_Exercise data_:
====
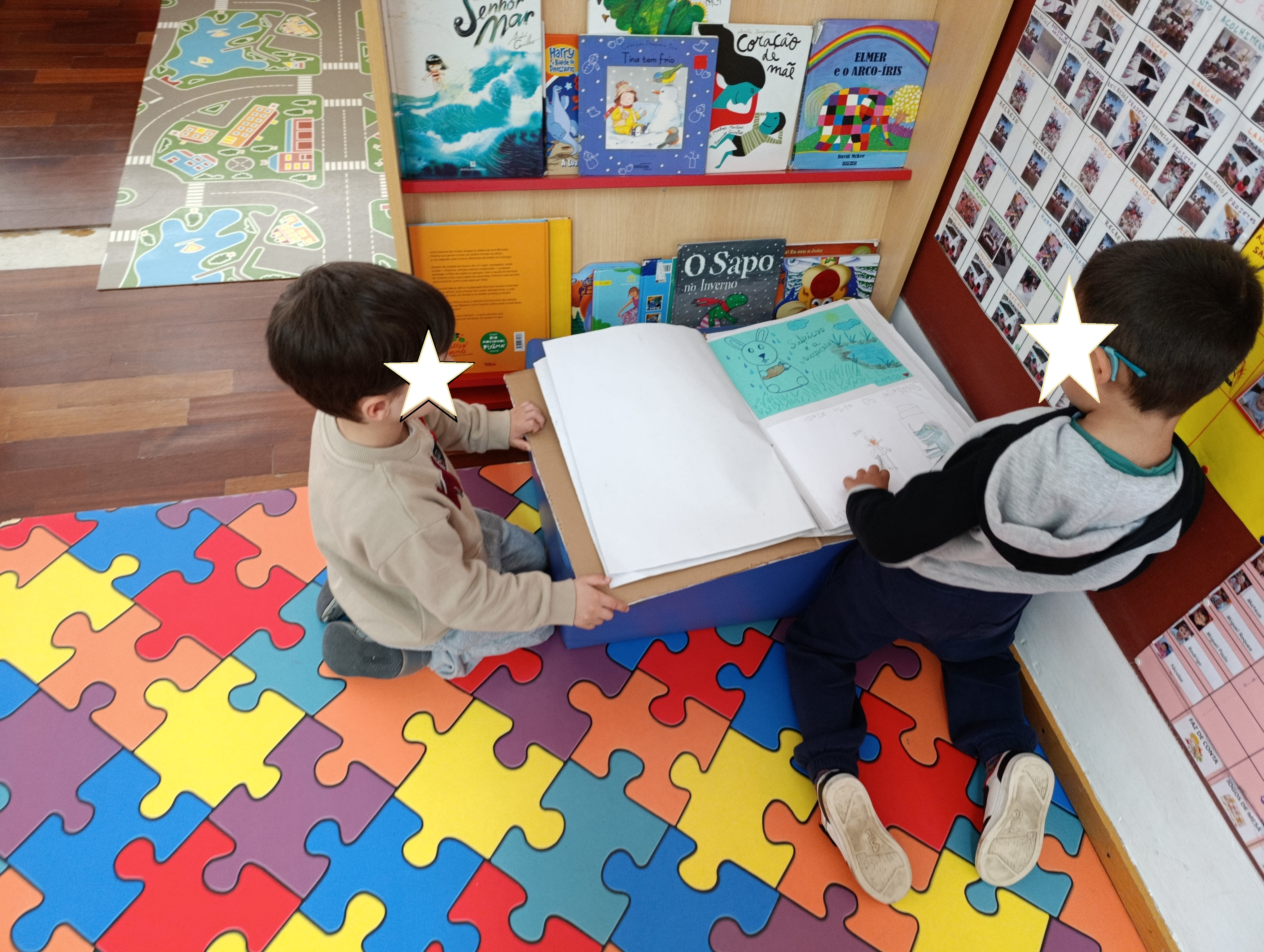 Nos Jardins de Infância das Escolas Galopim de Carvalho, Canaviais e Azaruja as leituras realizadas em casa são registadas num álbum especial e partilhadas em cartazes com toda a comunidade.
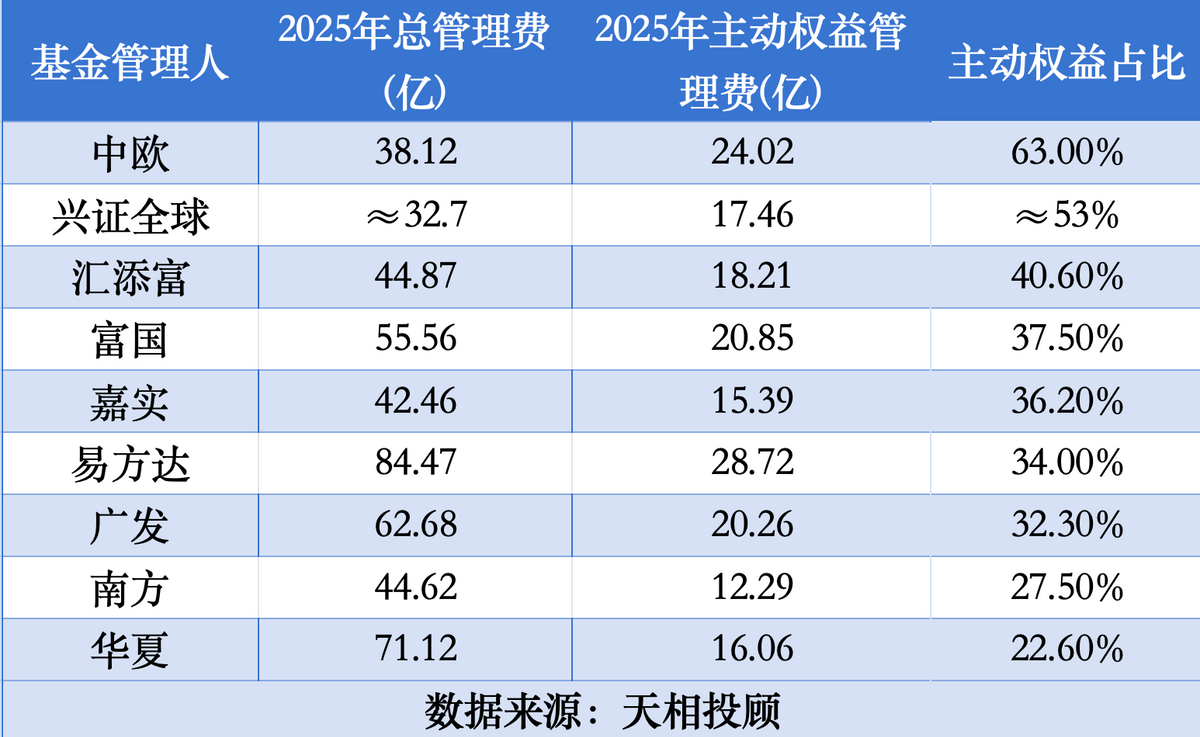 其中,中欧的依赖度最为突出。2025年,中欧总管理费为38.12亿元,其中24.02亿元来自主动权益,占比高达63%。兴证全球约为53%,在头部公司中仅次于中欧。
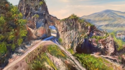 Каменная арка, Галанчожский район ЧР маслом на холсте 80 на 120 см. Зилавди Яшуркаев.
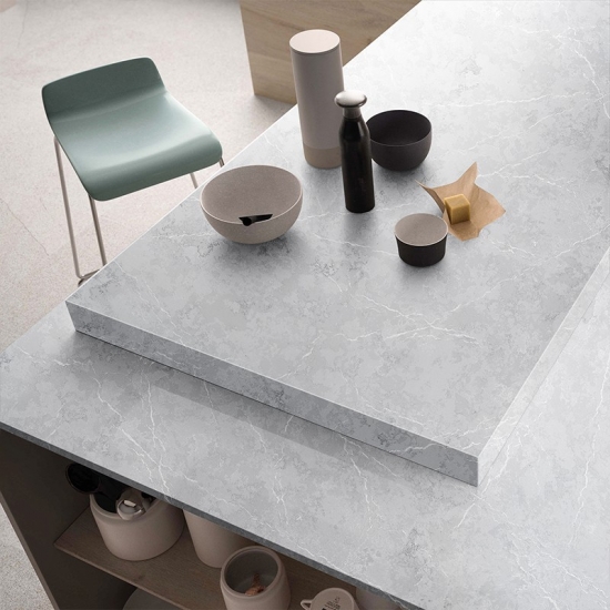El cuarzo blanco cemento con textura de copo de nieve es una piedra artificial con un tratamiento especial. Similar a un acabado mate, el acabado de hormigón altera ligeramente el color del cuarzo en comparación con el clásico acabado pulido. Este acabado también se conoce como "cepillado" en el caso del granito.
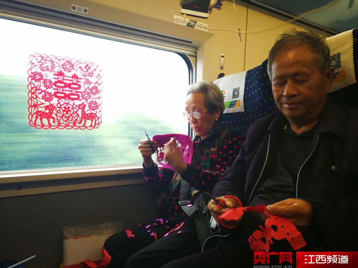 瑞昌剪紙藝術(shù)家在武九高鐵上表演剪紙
====
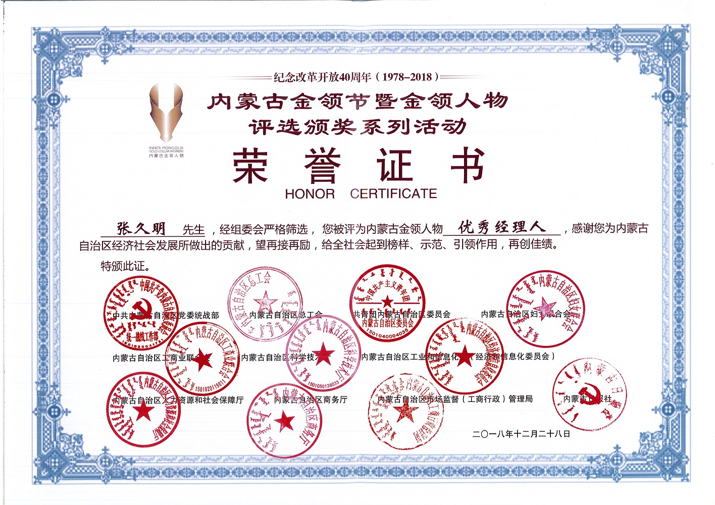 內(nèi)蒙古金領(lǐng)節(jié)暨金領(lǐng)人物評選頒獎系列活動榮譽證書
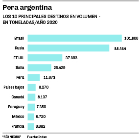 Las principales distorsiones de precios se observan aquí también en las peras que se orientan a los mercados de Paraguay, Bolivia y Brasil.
====
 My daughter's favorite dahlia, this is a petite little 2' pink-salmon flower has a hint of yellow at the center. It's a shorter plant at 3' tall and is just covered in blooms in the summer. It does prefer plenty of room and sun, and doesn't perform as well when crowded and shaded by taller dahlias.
====
Would you please reproduce the entries above, starting at the line with "其中,中欧的依赖度最为突出。" and stopping after the line with "瑞昌剪紙藝術(shù)家在武九高鐵上表演剪紙"? Omit any pictures.

 其中,中欧的依赖度最为突出。2025年,中欧总管理费为38.12亿元,其中24.02亿元来自主动权益,占比高达63%。兴证全球约为53%,在头部公司中仅次于中欧。
 Каменная арка, Галанчожский район ЧР маслом на холсте 80 на 120 см. Зилавди Яшуркаев.
El cuarzo blanco cemento con textura de copo de nieve es una piedra artificial con un tratamiento especial. Similar a un acabado mate, el acabado de hormigón altera ligeramente el color del cuarzo en comparación con el clásico acabado pulido. Este acabado también se conoce como "cepillado" en el caso del granito.
 瑞昌剪紙藝術(shù)家在武九高鐵上表演剪紙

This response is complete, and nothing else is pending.